Staining helps to increase the contrast between microorganisms and the background, enabling researchers to study the structural details of the microbe at higher magnification. 

Based on the types and number of dyes used, the top staining can be categorized into the following types: 

1. Simple Staining: Simple staining uses only a single dye to determine the size, shape and arrangement of cells in the microorganisms. Crystal Violet, Methylene Blue, and Basic Fuchsin are the top three stains used in the simple staining technique. They produce color contrast between the microbes and the background but impart all microbes with the same color. 
2. Negative Staining: This staining technique is used when a specimen or part of it does not take up simple stains. India Ink is generally used for negative staining. It stains the background black so the unstained capsule stands out in contrast. 
3. Flagella Stain: This staining technique is used to determine the presence, number, and arrangement of flagella, which is necessary for identifying species of motile bacteria. Because flagella are too thin to be visible under a light microscope, flagella stains are especially formulated with silver salts, which coat the surface of the flagella, thickening the structures so they can be seen and studied more easily.  
4. Differential Staining: Differential staining involves the use of more than one dye to differentiate microorganisms based on their staining properties. Some of the differential staining techniques include: 

5. • Gram staining– Gram staining uses two stains to differentiate bacteria into two categories - Gram positive and Gram negative. It serves as a vital tool in the initial characterization and classification of bacteria, aiding in the identification of bacterial pathogens through their Gram reaction (positive or negative) and morphological traits (cocci/rod).

   • Acid-fast staining- Acid-fast staining using the Ziehl-Neelsen technique is used to stain Mycobacterium species. It helps to differentiate between acid-fast bacteria and non-acid fast bacteria, which do not stain well by the Gram staining.  
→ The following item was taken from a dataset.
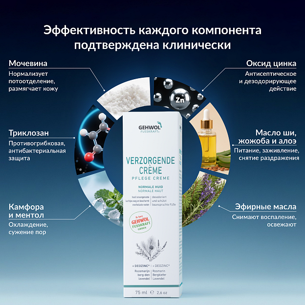 Зеленый бальзам для ног Gehwol Fusskraft эффективно регулирует потоотделение и нейтрализует микробную активность, обеспечивая ногам ощущение свежести и устраняя неприятные запахи. Антисептические компоненты защищают кожу от грибковых поражений и ощущения дискомфорта между пальцами ног. Формула обогащена натуральными эфирными маслами розмарина, лаванды и горной сосны, а также камфорой и ментолом.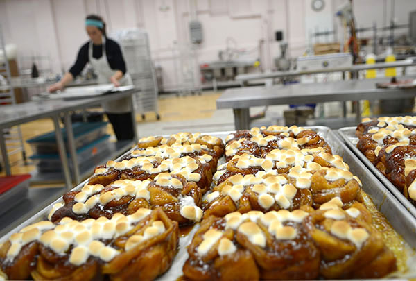 She had to have the wooden gym floor reinforced with concrete along paths where massive ovens and freezers now sit and add drainage in the floor, all the while maintaining production to fill product demand from her storefront in Findlay Market and Internet orders.

   • Endospore staining – This differential staining technique helps to distinguish the relatively few species of endospore-producing bacteria from those that don’t produce endospores. Endospore staining highlights the spore structure as well as free spores. 

   • Acridine orange staining– Acridine orange binds to nucleic acid and stains them, enabling the detection of mycoplasmas or bacteria that do not have a cell wall. This staining technique is useful for detecting the presence of bacteria in blood cultures when Gram stain results are difficult to interpret or when light microscopy results are indistinguishable. 

   • Capsule staining– Capsule staining confirms the presence of capsules in certain species of bacteria and yeasts. 

   • Cytoplasmic inclusion staining– This staining technique is used to detect the presence of intracellular deposits of substances such as glycogen, starch, hydroxybutyrate, and polyphosphates among others.